Sunday, October 08, 2000

TV Land

Taking sides

        I came home late the other night and flipped on the guy America couldn't wait to flip off: Bob Costas and his gooey Olympic Moments set to romance-novel violins.

        It was scary.

        I was frightened by the way heart-tugging videos completely eclipsed the actual boxing and Ping-Pong.

        I was alarmed by the way Bob Costas has become the Dick Clark of sports, permanently preserved in hair spray at age 14.

        But I was terrified by the video of Russian wrestler Alexander Karelin. He had demented ax-murderer eyes and pointy shark teeth, and spoke in a voice that sounded like Darth Vader's answering machine at the State Institution for Criminally Insane Psycho Killers. He was picking up wrestlers that weigh more than a truckload of ornery, and slamming them on their heads like sacks of humiliated potatoes with waving arms and legs. Then he was plunging through Siberian snow drifts that would bury Lenin's tomb. Maybe he was going after the mail — but he looked as if he needed somebody to slam and I was next.

        And then, when the Rasslin Russian was defeated in an upset by aw-shucks American Rulon Gardner, NBC showed “Alexander the Great” behind a door, getting a hug, probably crying. And a hushed Bob Costas said, “In spite of his image, he is a cultured man who enjoys classical music and reads poetry.”

        Translation: In spite of the WWF Smackdown video we made, now that U.S.A. won we can admit he's human.

        How cynical can you get?

        To find out I skipped the Olympic Moment about Rulon's parakeet, and switched to CNN NewsStand.

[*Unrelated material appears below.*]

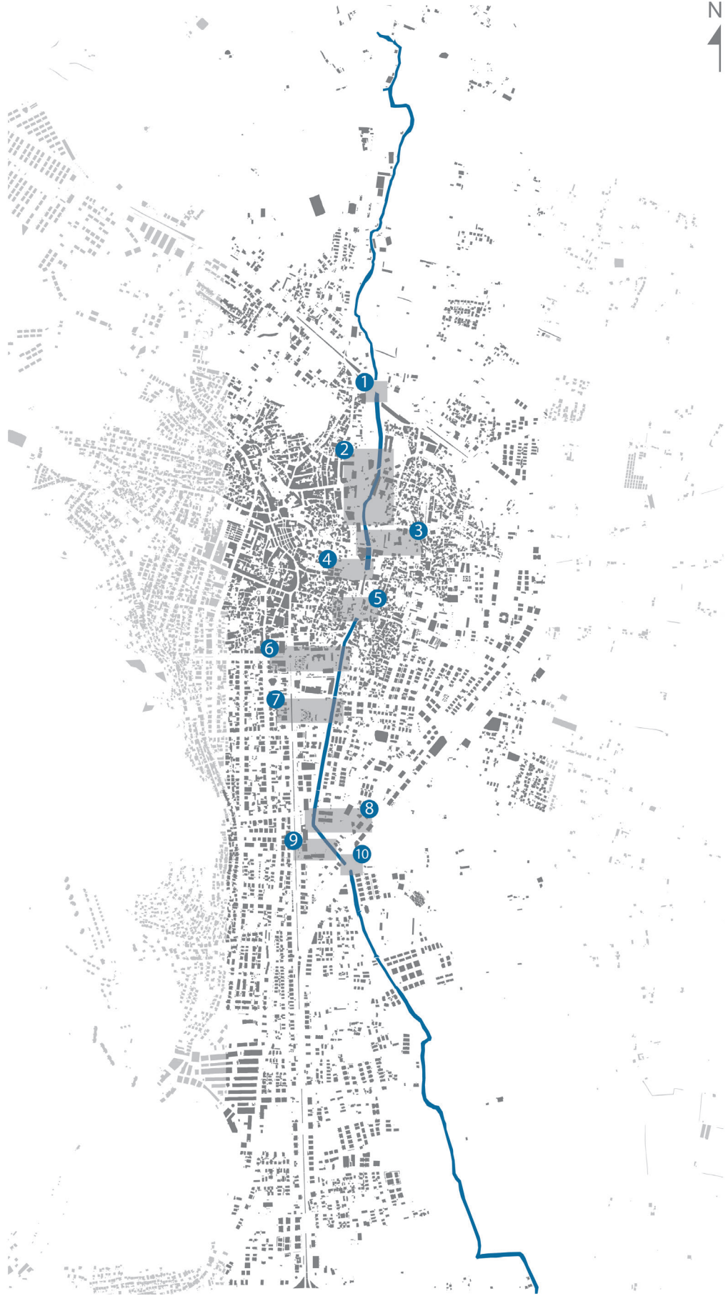
Şekil 3. Balavca Deresi'nin Milas kentsel yerleşim alanından geçtiği güzergâh boyunca etkileşim içinde olduğu önemli alanlar

The topic was media bias.

        Washington Post media critic Howard Kurtz pried the cap off the forbidden bias bottle, and it was stinking up the newsroom. Liberals wrinkled their noses and smelled something — but they all agreed it was NOT bias.

        Mr. Kurtz said reporters are far left of most Americans, especially on abortion and gay rights. But there's no bias, he insisted.

        Time White House correspondent Karen Tumulty said reporters are shallow, lazy, poll-obsessed and have a herd mentality — but they're not biased. Incompetent lemmings — but unbiased lemmings. Sure.

        In 1992, Washington reporters like Ms. Tumulty voted for Bill Clinton by 89 percent. This year, a survey by Editor & Publisher found 44 percent of regular newspaper readers believe stories favor one candidate. The lucky guy: Al Gore. About half of Republicans, two thirds of independents and even a third of Gore voters said the press is in the tank for Mr. Gore.

        Yet the media see nothing. “It's hard to know what to make of these findings,” said Editor & Publisher.

        How stupid can you get?

        To find out I clicked to a more intelligent show on the Comedy Channel: Battlebots.

        A streamlined, polished robot that looked like a stainless-steel speed bump was darting in every direction, trying to deploy a pushy arm to pin down something that looked like the rear axle of a Chevy pickup, with a drive shaft that kept flailing about, trying to hammer the speed bump. Cool.

        I wondered: Could remote-controlled robots fighting in a cage be the wrestlers of the 2018 Olympics?

        Then, just as the pickup axle was about to pound the speed-bump into scrap metal and win, a row of steel circular saws popped out of the floor and shredded its tires, and the speed-bump stiff-armed the crippled pickup into a wall.

        Maybe I need to get a life, but it struck me as a crazy metaphor for the robots who are running for president. The media saws insist they're not biased — as they shred the truth to help speed-bump Gore push pickup-axle Bush out of the picture.

        I went back to the Olympics so I could flip off NBC, and went to bed.